In the world of modem freaks and slowly on in the industrial
world, the HAYES modem is a defacto standard.
The official standards like RS232c (USA) and V24/V28 (CCITT)
describe the Physical part of a data circuit, while the V25
(CCITT) describes the A(uto) C(call) U(unit) function. The
speeds and usage of the modems are laid down by the CCITT V-
standards, mainly in the V21 till V36 books.
Due to the different country and telephone company laws,
modems are different and not compatable with each other,
exept modems of one vendor. Some years ago, it was very
unwise to make a connection with two different modems, even
if they claimed to be according a V-xx norm. Mostly this
was no problem, because a data transport was mainly between
two predefined points via a leased line or switched network.
The connection was buildup manual, or made automatic via
autocall function ACU (V25/RS232).
The HAYES-300 modem (I think this was the start), besides
the Physical RS232/V24/V28 norm did specify the modem
control command level between modem and terminal via the AT
leadin and the <silence>+++<silence> command to return from
a data state to the command state. Also it describes the
handling of automatic speed detection. This command set
enables operators and application programmers to buildup a
connection via normal conversation. As it could be
programmed, the connection via a switched network was
possible automatical via simple statements like "CALL John".
The original HAYES-300 was not using call procedures like
108/1 or 108/2 (DTR circuit). With the HAYES-1200, this
command set was extended to cope with more than one line
speed, the BELL 103 and BELL 212A. The last one more or less
compatable with the CCITT V22 norm. Also the automatic speed
selection in 'answering' mode was build in. With the HAYES-
2400, the set was dramatically extended with three speeds,
BELL-103, BELL-212A and the CCITT V22 and V22bis norms. So
handling also in 'answering' mode an automatic selection. As
the BELL-212A and V22 uses a PSK (four-level phase shift
keying) and V22bis uses QAM (Quadrature Amplitude
Modulation) technic, which were designed for synchronous
modems, the HAYES-modem translates the asynchrone data into
a synchronous way by inserting and consequently removing a
STOP bit in periods where no character is send. The HAYES-
1200 is not compatible with the BELL-212A/V22 synchronous
modems. The HAYES-2400 is also in this aspect compatible and
serves also the formal Half duplex (RTS/CTS-handling). As
the HAYES-1200 did serve only the CCITT 108/2 mode, the
HAYES-2400 supports also the 108/1 mode. Really you can say,
the HAYES-2400 is a complex intelligent unit. Despite the
well written handbook of HAYES, it is a hard job to make a
compatible one. From all modems (compatibles) I have seen,
there are a few which come close to the HAYES, the most are
fare away.
As my job is Faultfinder (Support), I really was very
pleased, HAYES did implement in the HAYES-2400, a really
complete circuit test via the S16-register, even with remote
commands, so the fully V54 norm of CCITT. As most Hobbyist
but even profesionals have big problems with reliable
circuit connections, and more the solvation of it, a modem
without this feature nowadays isn't worth the word MODEM so
certainly not the word HAYES.
2. HAYES-clones.
What is "compatible". Really nothing if not exactly said
with WHAT. "HAYES compatible" is to vaque. "HAYES command
set compatible" is better. Most modems, so not all, are only
compatible with a "subset of HAYES command set". But also
most "hayes" modems have commands not existing with hayes.
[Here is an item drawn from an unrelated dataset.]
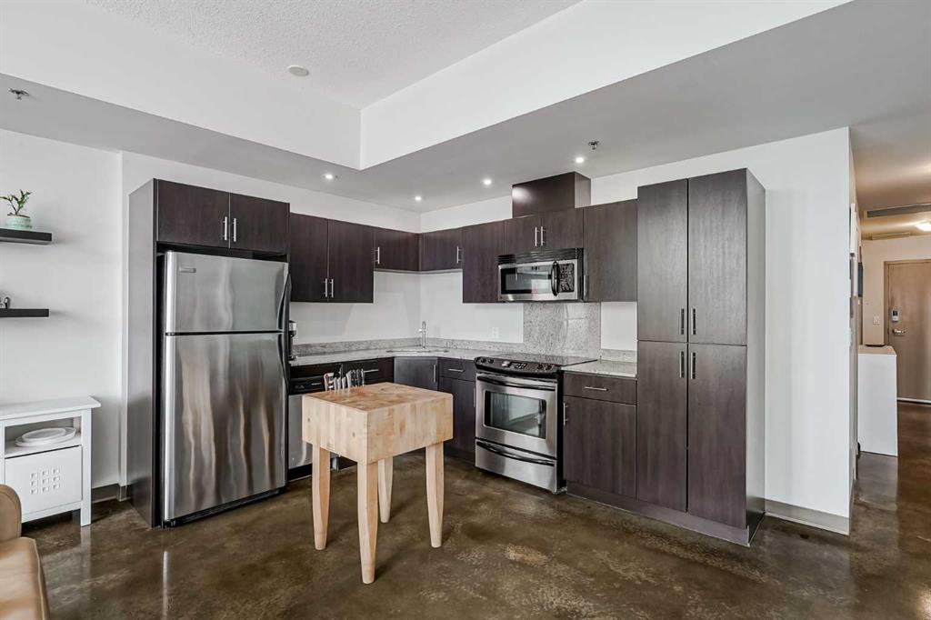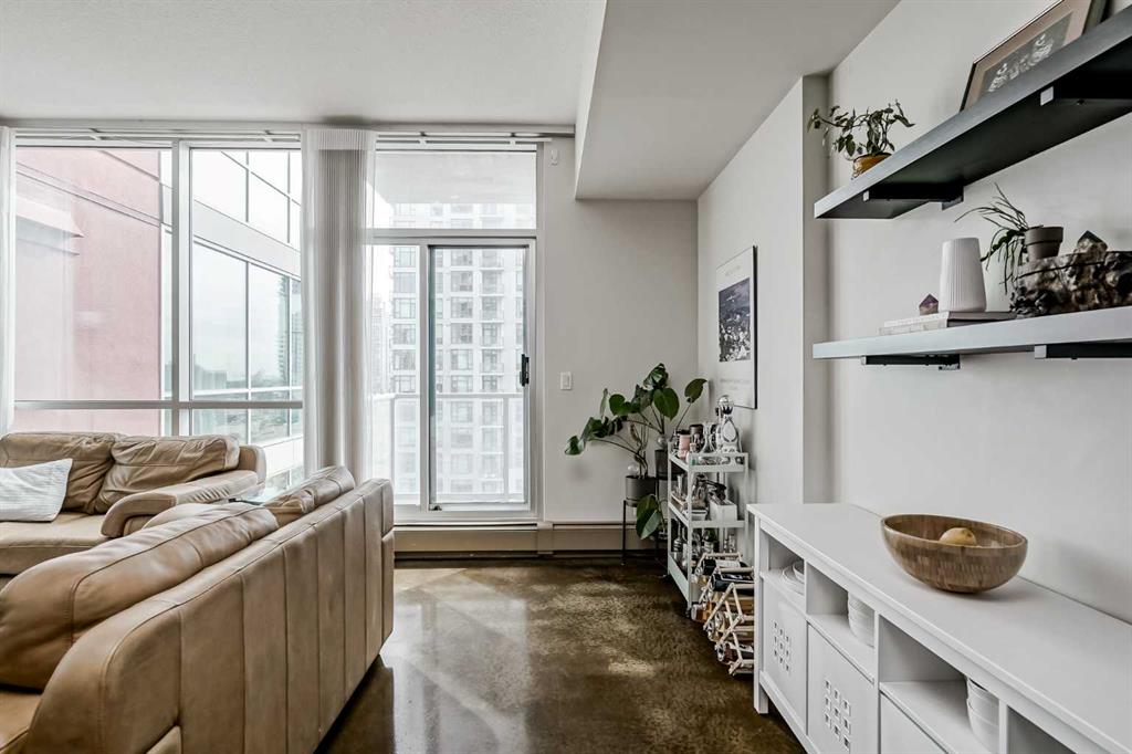 Welcome to Colours — where modern design, inner-city convenience, and urban energy all collide. This 2-bed, 2-bath condo isn’t just four walls and a roof — it’s a launchpad for your lifestyle, or a solid asset for your portfolio. From the moment you walk in, you’re hit with natural light streaming through floor-to-ceiling windows, highlighting polished concrete floors and those sleek, contemporary finishes that give the space its signature loft vibe. The open concept layout is versatile — big enough to entertain, yet perfectly functional for everyday living. The kitchen is a showpiece on its own, with granite countertops, stainless steel appliances, and modern cabinetry — whether you’re cooking for two, hosting friends, or just grabbing takeout, this space keeps up. The primary suite is a good size with its own 4-piece ensuite, while the second bedroom offers flexibility for a roommate, home office, or guest room. A sliding glass wall adds a modern twist, giving you the option to create privacy when you want it, or keep the flow open and airy. Step outside to your private balcony and take in the city from above. With glass railing and a built-in gas line for your BBQ, this space is perfect for summer grilling, morning coffee, or winding down as the city lights sparkle at night. And it doesn’t stop there. Living at Colours comes with perks designed for a modern lifestyle: secure bike storage, a shared rooftop patio for when you want a bigger hangout spot, heated underground parking, 24-hour surveillance for peace of mind, and a building that’s both pet-friendly and wheelchair accessible. The location? It doesn’t get better. You’re steps from Sunterra Market, the LRT, coffee shops, gyms, tennis courts, and some of Calgary’s hottest restaurants and nightlife. Work downtown? Your “commute” is now a short walk. Play downtown? You’re already there. Whether you’re a young professional chasing the ultimate downtown urban retreat, or an investor looking for a turnkey rental in one of Calgary’s most sought-after inner-city hubs, this condo checks all the boxes. Stylish, functional, and perfectly located — it’s everything inner-city living is supposed to be.

Some unlucky vendors did use commands or registers not used
with hayes-1200 at that time, but later used in the HAYES-
2400. (Bad Ques).
The best I can say most of the better clones are more or
less compatible upto HAYES-1200.
As I don't know if besides HAYES-1200 and the HAYES-2400,
also a HAYES-300 exists, I further only refer to this two,
from which both I have the specifications. In Europe a lot
of 'hayes' modems with only the V21 and V23 speeds exists,
which are similar, but absolute not connectable, with the
BELL-103 and BELL-202 norm modems.
As most application programs only use a small set of the
HAYES-command set, most clones will run with these packages
such that the user is pleased, not to use his fingers and
ear to make a connection. This if he has a user friendly
telephone company (are there), but mostly the results are
hopeless in peak hours, if there is a mismatch between the
modem commands and the terminal commands. I had a modem and
a terminal program and on some day no nice CALL <my mother>
was succesfully. With finger and ear there was no problem.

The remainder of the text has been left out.